Frequently Asked Questions

Common clinical questions about FLEXERIL vs OXERVATE, answered by our medical review team.

1. What is the main difference between FLEXERIL and OXERVATE?

FLEXERIL is a Muscle Relaxant that works by Cyclobenzaprine is a centrally acting muscle relaxant that acts primarily at the brainstem, reducing tonic somatic motor activity via inhibition of descending serotonergic pathways. It is structurally related to tricyclic antidepressants and exhibits anticholinergic, sedative, and analgesic effects.. OXERVATE is a Growth Factor (Ophthalmic) that works by OXERVATE (becaplermin) is a recombinant human platelet-derived growth factor (rh PDGF-BB) that promotes wound healing by stimulating chemotaxis and mitogenesis of fibroblasts, smooth muscle cells, and other cells involved in tissue repair.. They differ in pharmacokinetic profiles, FDA-approved indications, and side effect profiles.
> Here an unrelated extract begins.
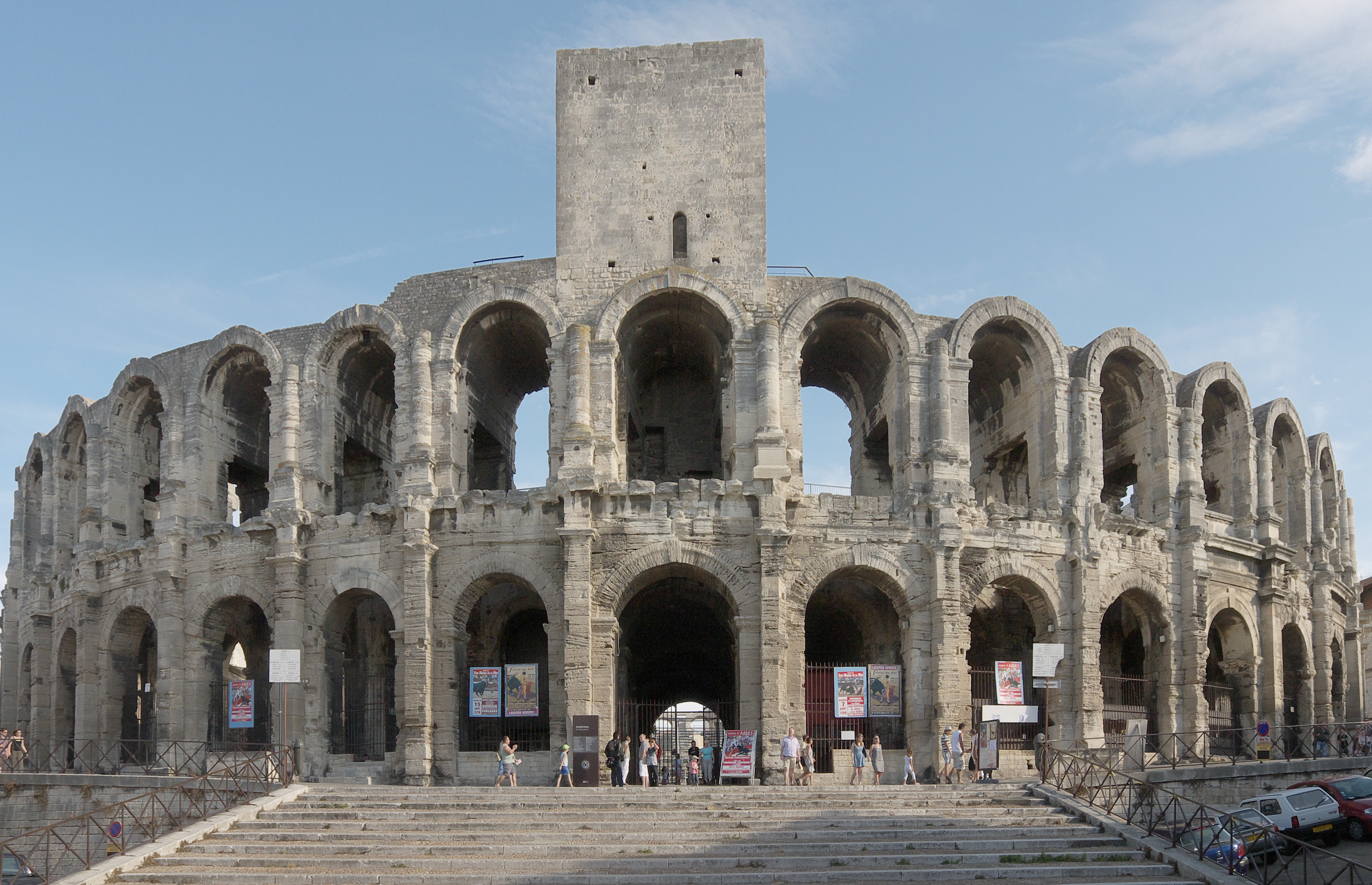 France, Arles, roman Arena, seen from North

2. Which is stronger: FLEXERIL or OXERVATE?

Potency comparisons between FLEXERIL and OXERVATE depend on the specific clinical indication. These are agents from distinct pharmacological classes and are not directly interchangeable by dose. A physician or clinical pharmacist should guide any therapeutic switching decisions.

3. What is the standard dosing for FLEXERIL vs OXERVATE?

The standard adult dose of FLEXERIL is: 10 mg to 15 mg orally three times a day; maximum daily dose: 30 mg.. The standard adult dose of OXERVATE is: 1 drop in the affected eye(s) twice daily, approximately 6 hours apart.. Dosing should always be individualized based on indication, renal and hepatic function, age, and other patient factors.

4. Can you take FLEXERIL and OXERVATE together?

No direct drug-drug interaction has been formally documented between FLEXERIL and OXERVATE in current clinical databases. However, individual patient risk factors including other medications, organ function, and comorbidities should always be evaluated by a qualified healthcare provider.

5. Are FLEXERIL and OXERVATE safe during pregnancy?

The maternal-fetal safety profiles differ. FLEXERIL is classified as Category C. Pregnancy Category B. Animal studies have not demonstrated fetal risk, but no adequate human studies in pregnant women. Use only if clearly needed. First trimester: no known risk. . OXERVATE is classified as Category C. OXERVATE contains cenegermin, a recombinant human nerve growth factor. No adequate and well-controlled studies in pregnant women. Animal reproductive studies have not been conducte. Always consult a maternal-fetal medicine specialist before taking either drug during pregnancy or lactation.